Welchen Zusammenhang gibt es zu Wylers Filmmaterial?

Karteikarte Strauss 1945 NARA

Wylers Filmmaterial

Die Filmkamera von Wyler geht nicht zufällig genau auf dieses Stück „Die Liebe der Danae“ ein. Die Szenen des Rohmaterials sind durchgehend inszeniert, von den Pfingstrosen (die im Rohmaterial 2 mal gedreht ist) bis zu den Close Ups des leise singend in der Partitur lesenden Komponisten. Klaus Mann schildert sein Gespräch „in front of his stately villa, under the beautiful trees of his large well-kept garden“. Und erwähnt, dass er zwei Begleiter hatte. Genau dort nimmt die Kamera Richard Strauss ins Visier und versäumt nicht, zuvor ein Symbol für den herrlichen Garten zu finden.

Was in den National Archives vermerkt ist

Allerdings vermerkt die Karteikarte zu dem hier gezeigten Filmmaterial als Aufnahmezeitpunkt der „Can 9224-1“ den Monat Juni 1945. „Medium shot small hut in the Bavarian Alps – old man picking flowers in foreground – man in Richard Strauss“ und „Date Photo’d: June 1945“. Das Filmmaterial wurde im Juni 1945 zur weiteren Bearbeitung in New York erfasst. Während Klaus Manns Besuch wurde das Material mit Sicherheit nicht gedreht.
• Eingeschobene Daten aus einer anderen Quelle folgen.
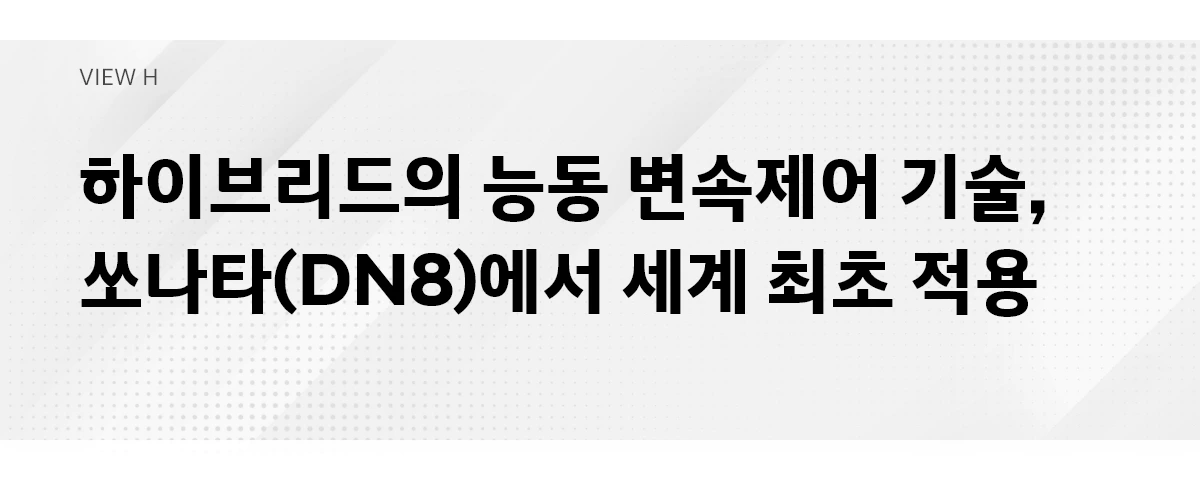 현대차는 2019년 쏘나타 하이브리드를 선보이면서 세계 최초로 능동 변속제어 기술을 적용해 하이브리드 기술력을 세계에 과시했습니다. 이질감이 짙었던 변속감은 풀리지 않을 것만 같은 난제였지만, 능동 변속제어 기술은 모터와 엔진 간의 문제를 말끔히 해결해 주었습니다.
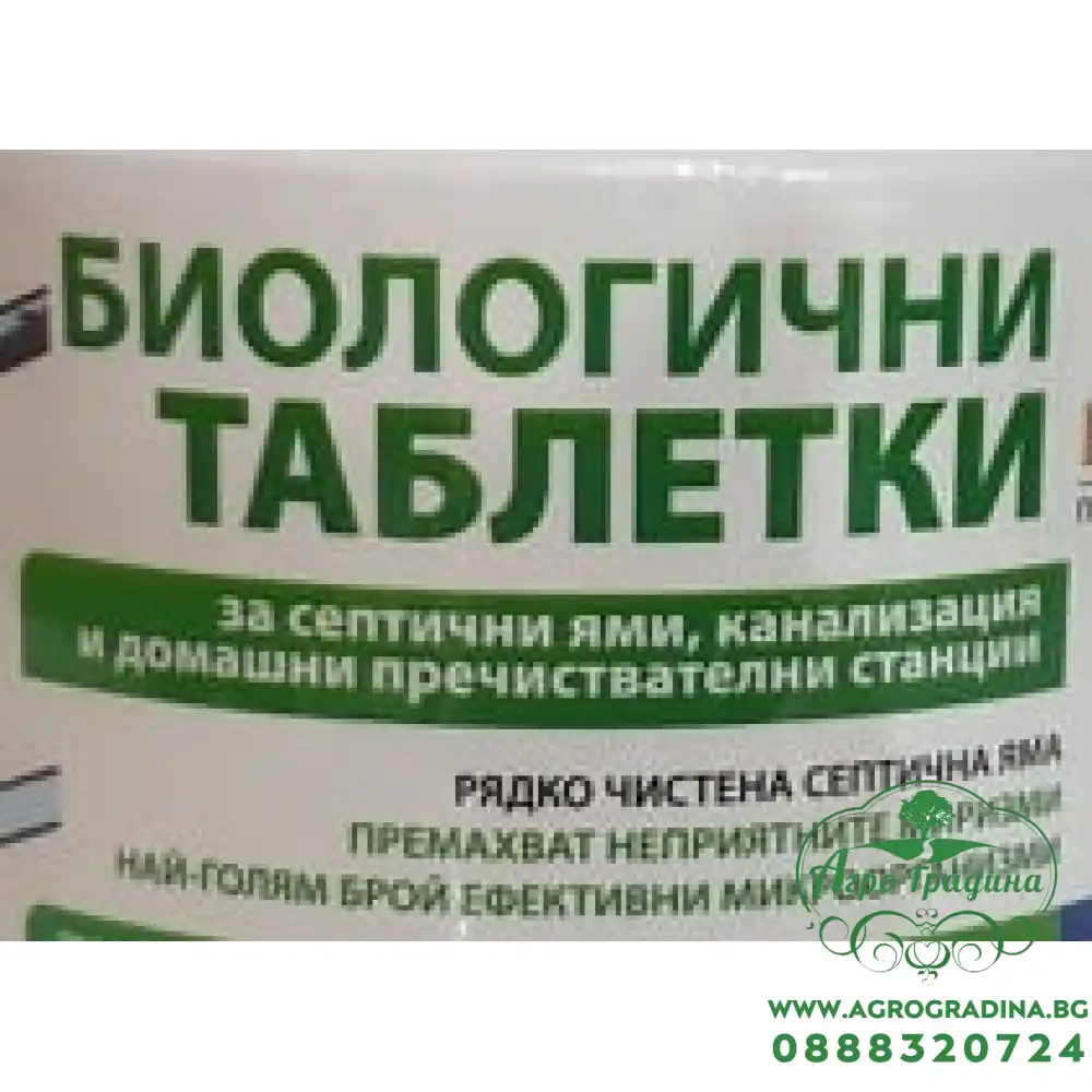Биологичните таблетки преобразуват съдържанието на изгребната яма в течно състояние. Редовното използване предотвратява възникване на неприятни миризми. Таблетките не замърсяват околната среда. 1 таблетка се равнява приблизително на 400 милиона бактерии.

Aber William Wyler kennt Klaus Mann aus Hollywood. Manns Bericht von der Begegnung mit Richard Strauss erscheint am 29. Mai 1945 unter dem Titel „Strauss still unabashed about ties with the nazis“ in der amerikanischen Soldatenzeitung „The stars and Stripes“. Eine Tage nach dem Artikel von Klaus Mann schickt Wyler ein Team eigens nach Garmisch, das dort die Aufnahmen bei Richard Strauss dreht. William Wyler war nicht dabei, denn er war wegen einer Erkrankung bereits wieder nach Hollywood zurückgekehrt, wie seine Tochter berichtet hat. Was geht wirklich hinter der Stirn dieses weltberühmten Komponisten vor? „Die Liebe der Danae“ – ein Stück der heiteren Entsagung? Der naive Egozentriker? Der Opportunist?